Your car settings are tied in to the radio. Take that out and you lose those settings. Might also be out any of the warranty that may apply to some electrical issue that could end up from not having the radio. 

Don't let that discourage you though. Scroll down through the threads though. I think there's some that have actually installed something more to their liking. 

I wanted to install the 8 inch with nav. But dealers said nothing they could do.


----------



## soonershane73 (May 2, 2018)

This might be the dumbest thing GM has ever done concerning car audio. I like the car but not if I can't add my subs. Thanks for the advice on the other threads though. I will scroll


----------



## snowwy66 (Nov 5, 2017)

It's not just GM. My son's 16 mazda has features integrated in to the radio also.

I'm betting every manufacture has something in the radio these days.


----------



## GraySkies (Feb 6, 2018)

I am getting ready to do some upgrades to my 2016 with the 7" base system. Starting with an Audison Bit Ten DSP. I am planning to take a bunch of pics and do a thread on it when I get around to it, but right now the car is in the shop getting a new engine. Broken piston #1 cylinder... hmy:


----------



## Slimgravy (Nov 12, 2017)

I'm doing the bit 10 as well and prob a 5 ch to power stuff.

I have the 7inch and I used the rear door leads to get input to my sub amp for now. I disconnected the rear ones then that gives me full control to blend sub into the front stage. 

Added a component set up front and so far I'm pretty happy. Next up is new 3 Inch mids and fiberglass. ?


----------



## GraySkies (Feb 6, 2018)

Slimgravy said:


> I'm doing the bit 10 as well and prob a 5 ch to power stuff.
> I have the 7inch and I used the rear door leads to get input to my sub amp for now. I disconnected the rear ones then that gives me full control to blend sub into the front stage.
> Added a component set up front and so far I'm pretty happy. Next up is new 3 Inch mids and fiberglass. ?


We should compare notes as we get going. I am going to start a thread on mine when I get a little deeper into it. All I have done so far is take the dash apart and splice in to the factory head unit speaker wires with some Stinger Speedwire. I'm going to run that back to the trunk to feed the bit ten. I have some pics and wiring diagram info for when I get the thread going.

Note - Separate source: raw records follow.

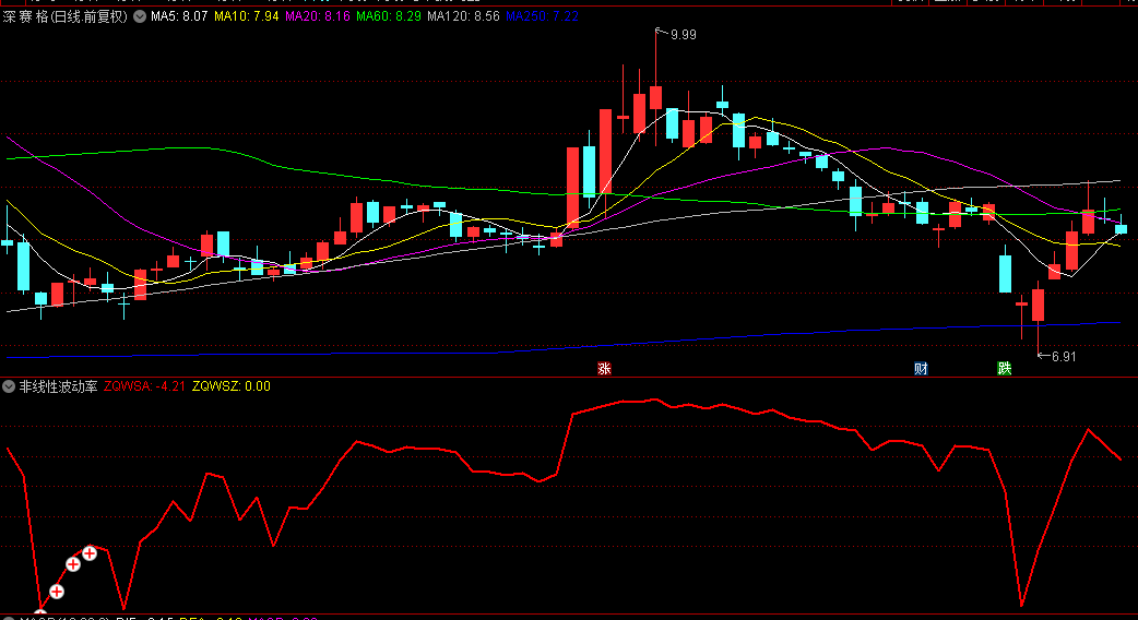 通达信【非线性波动率寻底情绪】副图指标,避免了只看价格波动导致的误判,给趋势分析加个双保险
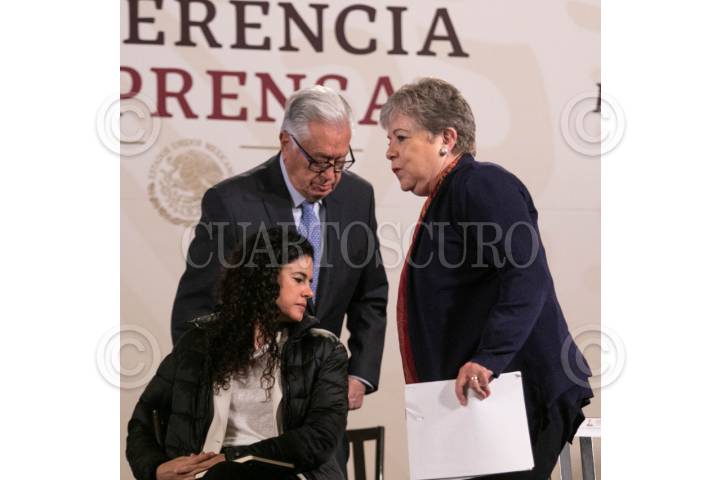 CIUDAD DE MÉXICO, 26FEBRERO2024.- Luisa María Alcalde Luján, secretaria de Gobernación; Manuel Bartlett, director de la CFE, y Alicia Bárcena, secretaria de Relaciones Exteriores, durante la mañanera en la cual se habló sobre la propuesta de la Reforma Energética en materia constitucional y el plan integral en materia migratoria, durante la mañanera. FOTO: MOISÉS PABLO/CUARTOSCURO.COM
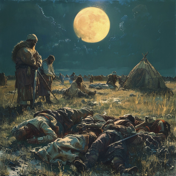 Хищной стаей окружили переяславцы доверившихся им степняков. По знаку воеводы палачи шагнули к палаткам. В них и повсюду вокруг, у тлеющих костров лежали спящие воины. Мерно вздымались могучие груди, а окутавшие сны продолжали нести храбрых батыров по родной степи, когда сверху обрушилась разящая сталь.
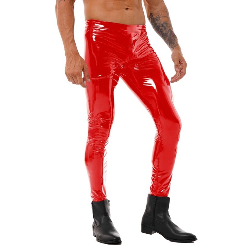 Moderní pánské lesklé kalhoty z lakované kůže v úzkém střihu se zipem v rozkroku, ideální pro výrazný styl, večírky i odvážné outfity. Celý popis
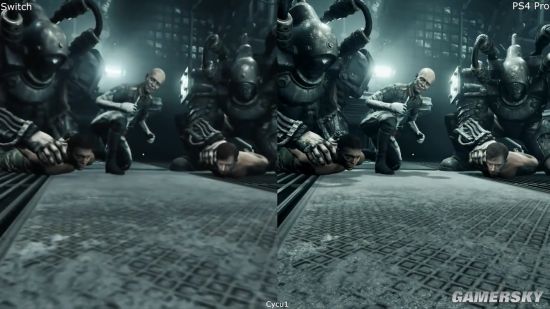近日《德军总部2:新巨人》正式登上了任天堂Switch平台,大家最在乎的一定是游戏的画面会不会“缩水”明显。油管上就有玩家分享了PS4 Pro和NS版本的对比演示,其中PS4 Pro版画面的分辨率为1080p,NS版为720p。
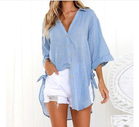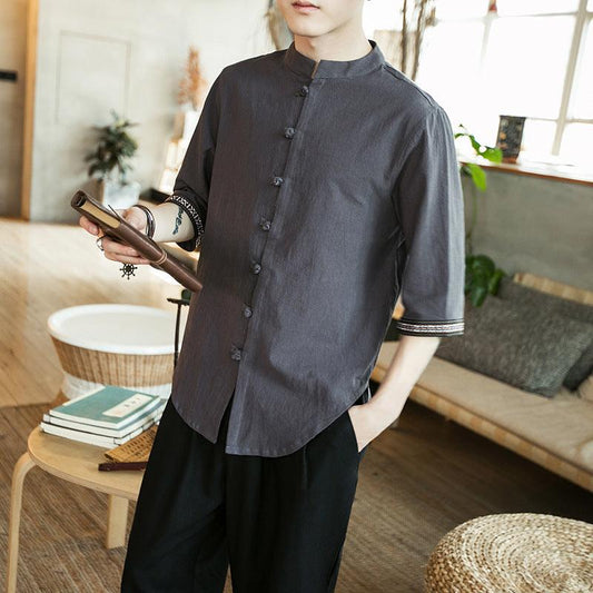 Ummer Men's Linen Shirt Simple Pullover Lapel Men's Linen Shirt C028
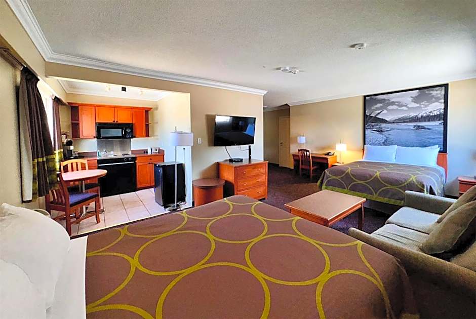 The suite provides air conditioning, a tea and coffee maker, as well as a private bathroom featuring a bath and a shower. Guests can make meals in the kitchenette that is equipped with a stovetop, a refrigerator, a microwave and a toaster. The suite offers a seating area, a carpeted floor, heating, as well as a flat-screen TV with cable channels. The unit offers 2 beds.
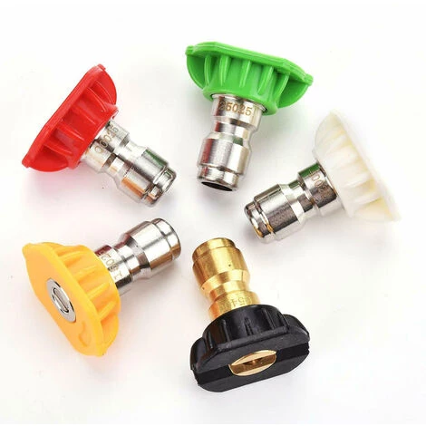 5 embouts de buses différents, 0°, 15°, 25°, 40°, Savon. Connexion rapide, utilisée pour le nettoyeur haute pression.
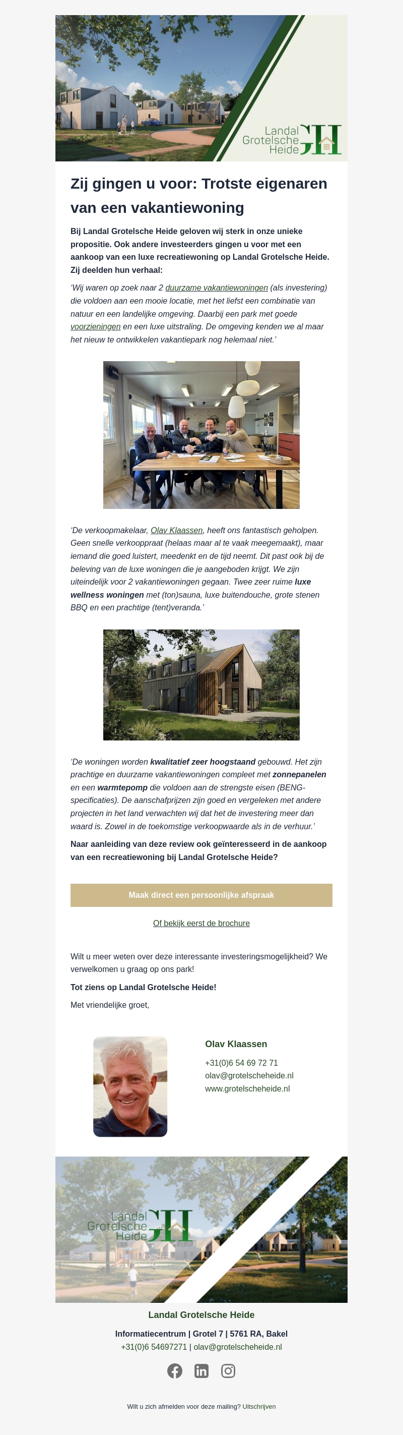 Bij Landal Grotelsche Heide worden dromen werkelijkheid. Word een trotse eigenaar van een luxe vakantiewoning op een prachtige locatie. De woningen zijn duurzaam en voorzien van hoogwaardige faciliteiten zoals zonnepanelen en warmtepompen. Dankzij makelaar Olav Klaassen en zijn deskundige begeleiding, kunt u rekenen op een persoonlijke ervaring. Ontdek de mogelijkheden om te investeren in een recreatiewoning die tijdloos comfort biedt.
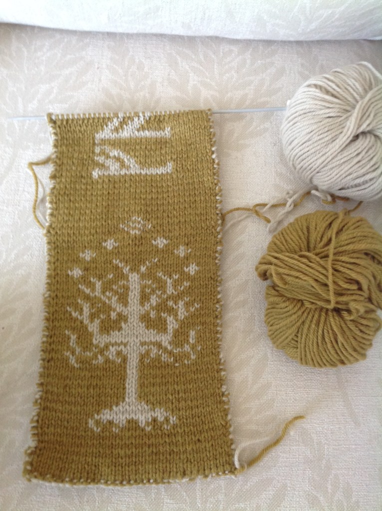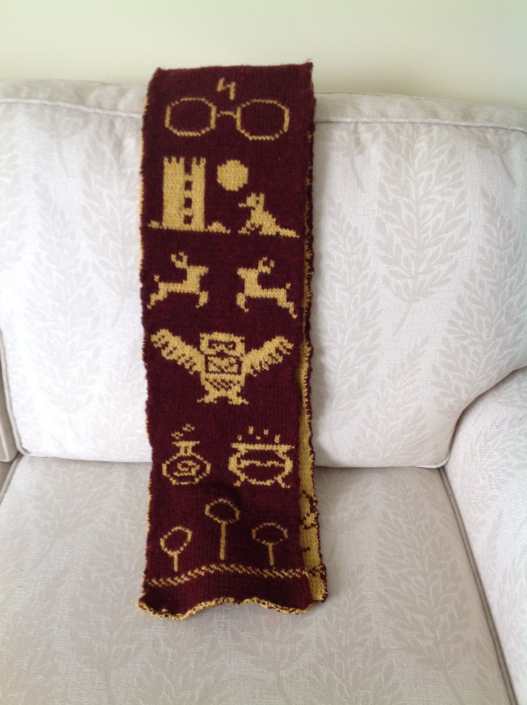 Oh, the frabjous joy when you (well, me) discover the wonders of a new knitting technique. I feel the knitting Gods must have guided my hands when, on a day in the not-so-distant past, I landed upon Harry Potter knitting charts on Ravelry. I think I’d been searching for HP cross stitch charts and Google, in its infinite wisdom, blessed me with knitting charts instead. As is so often my wont, I downloaded the free charts without reading the entire Ravely post. The charts were for a scarf. I decided to knit an HP scarf for son no.2’s 30th birthday. ‘What a marvellous gift this will be,’ I remember thinking. ‘ Why, it’s the sort of gift I wouldn’t mind for myself.’ And so, I began knitting the first chart using intarsia. I soon became overwhelmed with the amount of floating yarn which rapidly built up at the back of my work. ‘This will look rubbish on a scarf,’ I internally wailed. ‘Nobody in their right mind would want to sport such a hideous object,’ thought I. ‘Further more this scarf is going to be tiny!’ It was coming out roughly 4” wide. Clearly something was drastically amiss.

I will be running the Bit Ten out to a JBL Club 4505 amp (both mounted under the package tray in the trunk), and then to some Focal 165 components up front in the stock locations, with a 12" Infinity Kappa sub in a sealed box in the trunk.

I have all the hardware sitting on the bench in my shop, but I am having to piecemeal the installation due to life being kinda busy at this time.


----------